### Task statement:
Exactly the lines from the one containing "清代康熙 宜兴胎画珐琅提梁壶" through the final line of the data below, with pictures omitted, make up the answer.

(Data records)

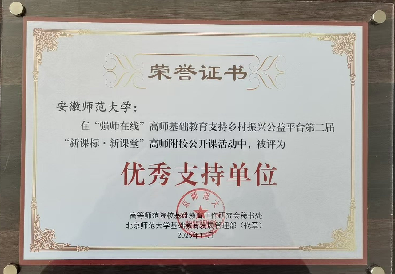 我校获评“强师在线”高师基础教育支持乡村振兴公益平台“优秀支持单位”
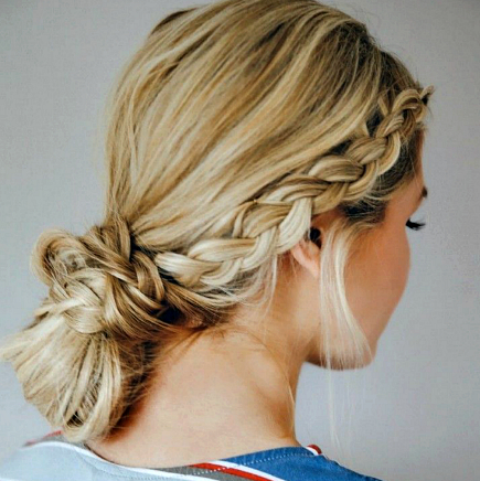 Романтичная и стильная прическа, которая представляет собой низкий пучок, сформированный из трех кос. В зависимости от ситуации и назначения прически, подобный пучок можно сделать гладким или небрежным, с челкой или без, украшенный цветами, лентами или обычной резинкой.
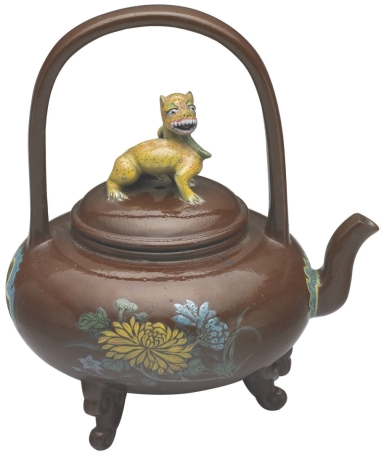 清代康熙 宜兴胎画珐琅提梁壶
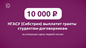 НГАСУ (Сибстрин) выплатит гранты студентам-договорникам за успешную сдачу первой сессии Решением Ученого совета НГАСУ (Сибстрин) для обучающихся договорной формы обучения в 2020/2021 учебном году предусмотрена грантовая поддержка в размере 10 тысяч рублей при условии сдачи первой сессии на «хорошо» и «отлично» в установленные календарным учебным графиком сроки. Грант могут получить студенты бакалавриата всех направлений подготовки, специалитета (направления подготовки «Прикладная геодезия» и «Горное дело»), магистранты (направления подготовки «Экономика» («Жилищное хозяйство и коммунальная инфраструктура», «Менеджмент»). «Информационные системы и технологии»). |
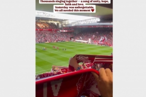 在她的帖子中,娜塔莉亞寫道:“YNWA(你永遠不會獨行)是特別的。永遠如此。這是一句宣言。成千上萬的人一起唱這首歌,一首關于團結、希望、信念和愛的歌。昨天是難忘的一天,我們都需要這一刻。”

### Completed exercise:
 清代康熙 宜兴胎画珐琅提梁壶
 НГАСУ (Сибстрин) выплатит гранты студентам-договорникам за успешную сдачу первой сессии Решением Ученого совета НГАСУ (Сибстрин) для обучающихся договорной формы обучения в 2020/2021 учебном году предусмотрена грантовая поддержка в размере 10 тысяч рублей при условии сдачи первой сессии на «хорошо» и «отлично» в установленные календарным учебным графиком сроки. Грант могут получить студенты бакалавриата всех направлений подготовки, специалитета (направления подготовки «Прикладная геодезия» и «Горное дело»), магистранты (направления подготовки «Экономика» («Жилищное хозяйство и коммунальная инфраструктура», «Менеджмент»). «Информационные системы и технологии»). |
 在她的帖子中,娜塔莉亞寫道:“YNWA(你永遠不會獨行)是特別的。永遠如此。這是一句宣言。成千上萬的人一起唱這首歌,一首關于團結、希望、信念和愛的歌。昨天是難忘的一天,我們都需要這一刻。”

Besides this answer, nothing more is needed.